Reproduce the material below only from the line with "輕松抵達(dá)重要樞紐:5" to the line with "smokes marijuana |", both included, keeping each line exact and dropping the pictures.

**Source data:**
- Opening Delimiter -
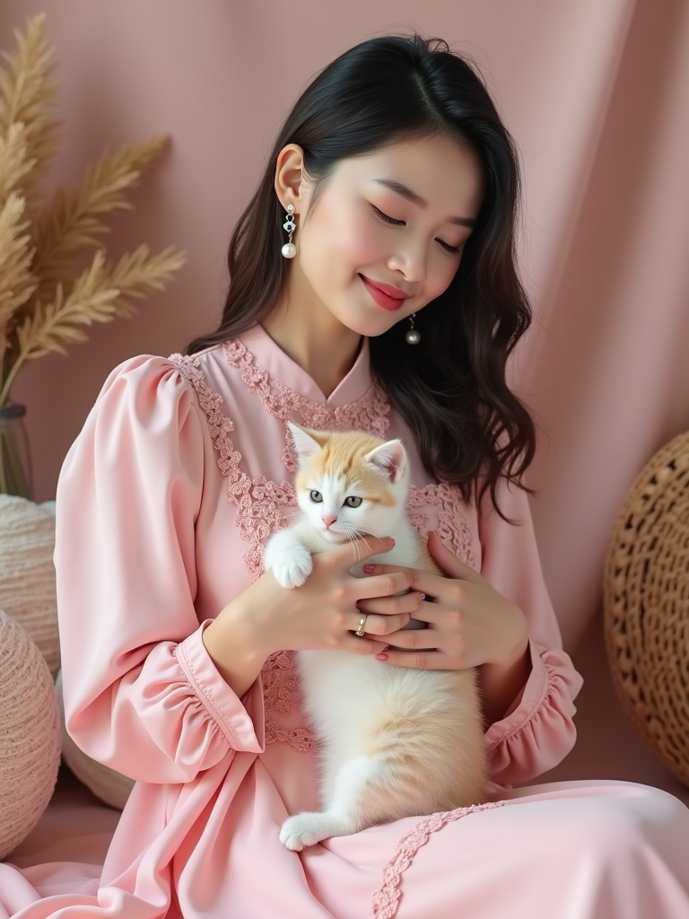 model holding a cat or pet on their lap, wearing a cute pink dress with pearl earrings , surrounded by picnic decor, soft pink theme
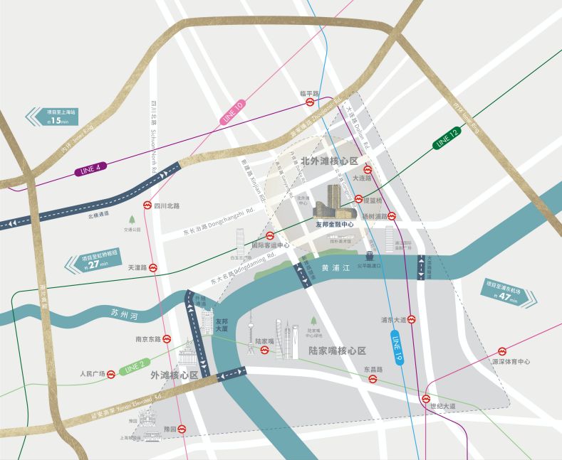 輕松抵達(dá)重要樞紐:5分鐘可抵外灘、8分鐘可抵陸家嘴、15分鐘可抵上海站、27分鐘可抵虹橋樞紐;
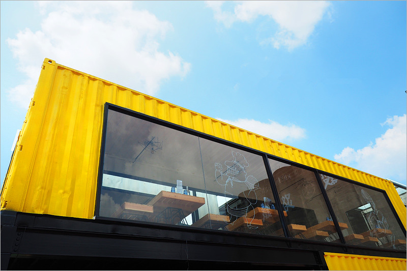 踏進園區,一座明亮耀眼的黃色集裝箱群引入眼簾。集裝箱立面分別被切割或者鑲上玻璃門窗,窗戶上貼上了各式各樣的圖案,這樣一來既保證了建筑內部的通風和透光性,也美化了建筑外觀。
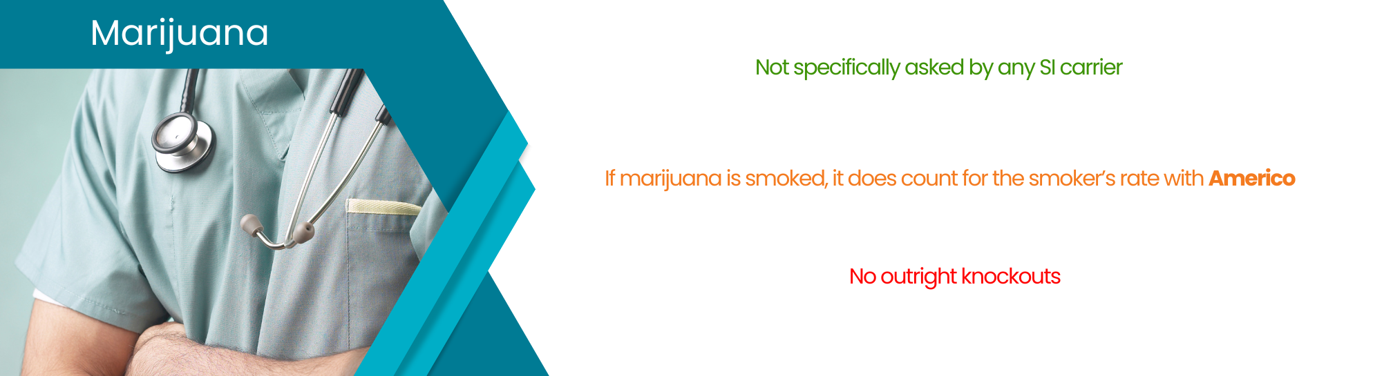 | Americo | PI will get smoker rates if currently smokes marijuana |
- Closing Delimiter -
- Opening Delimiter -
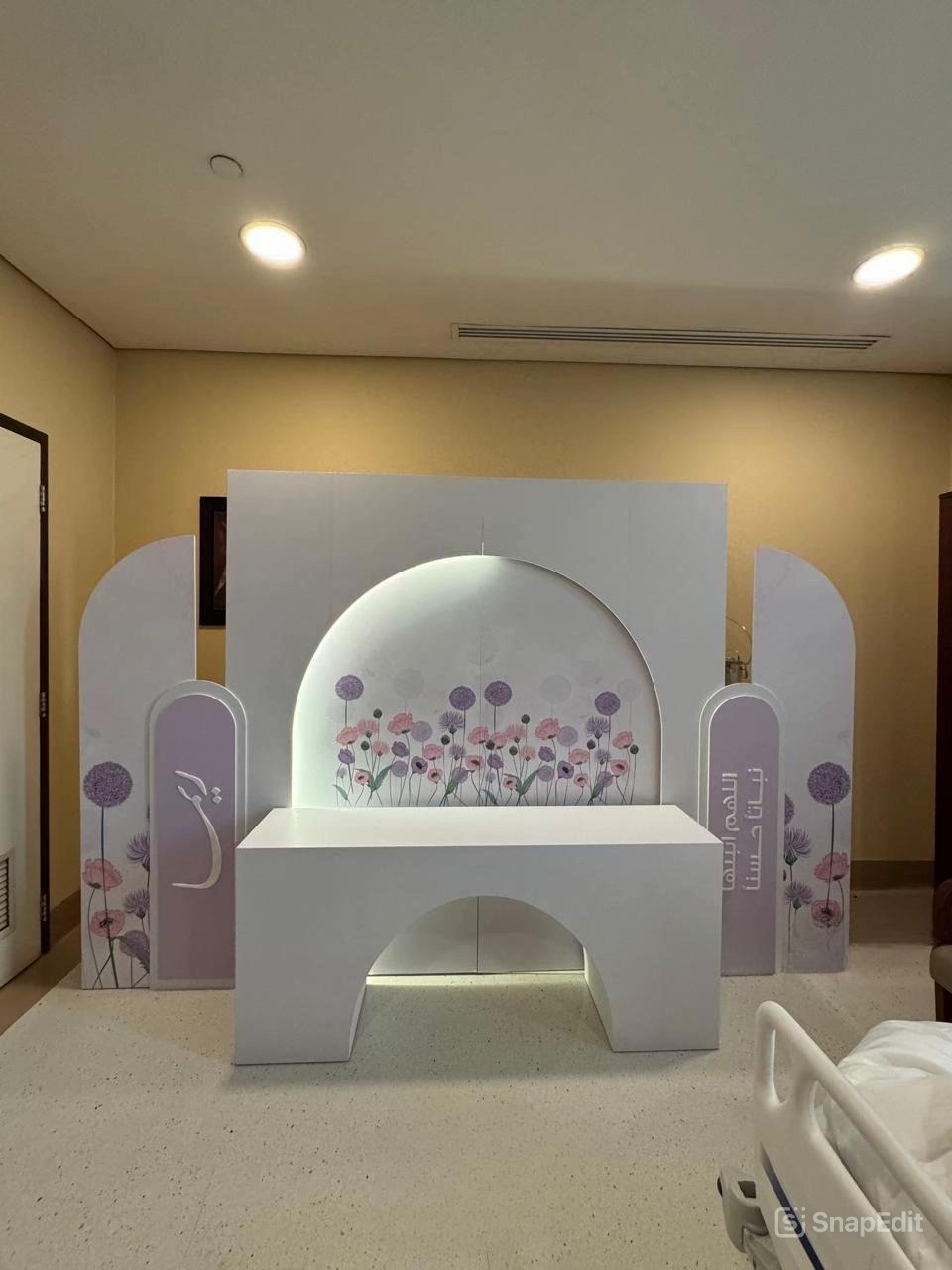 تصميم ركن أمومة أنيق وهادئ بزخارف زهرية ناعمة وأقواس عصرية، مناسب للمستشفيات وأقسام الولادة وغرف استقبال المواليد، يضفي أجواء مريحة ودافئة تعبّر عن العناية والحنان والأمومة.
- Closing Delimiter -
**Answer box:**
 輕松抵達(dá)重要樞紐:5分鐘可抵外灘、8分鐘可抵陸家嘴、15分鐘可抵上海站、27分鐘可抵虹橋樞紐;
 踏進園區,一座明亮耀眼的黃色集裝箱群引入眼簾。集裝箱立面分別被切割或者鑲上玻璃門窗,窗戶上貼上了各式各樣的圖案,這樣一來既保證了建筑內部的通風和透光性,也美化了建筑外觀。
 | Americo | PI will get smoker rates if currently smokes marijuana |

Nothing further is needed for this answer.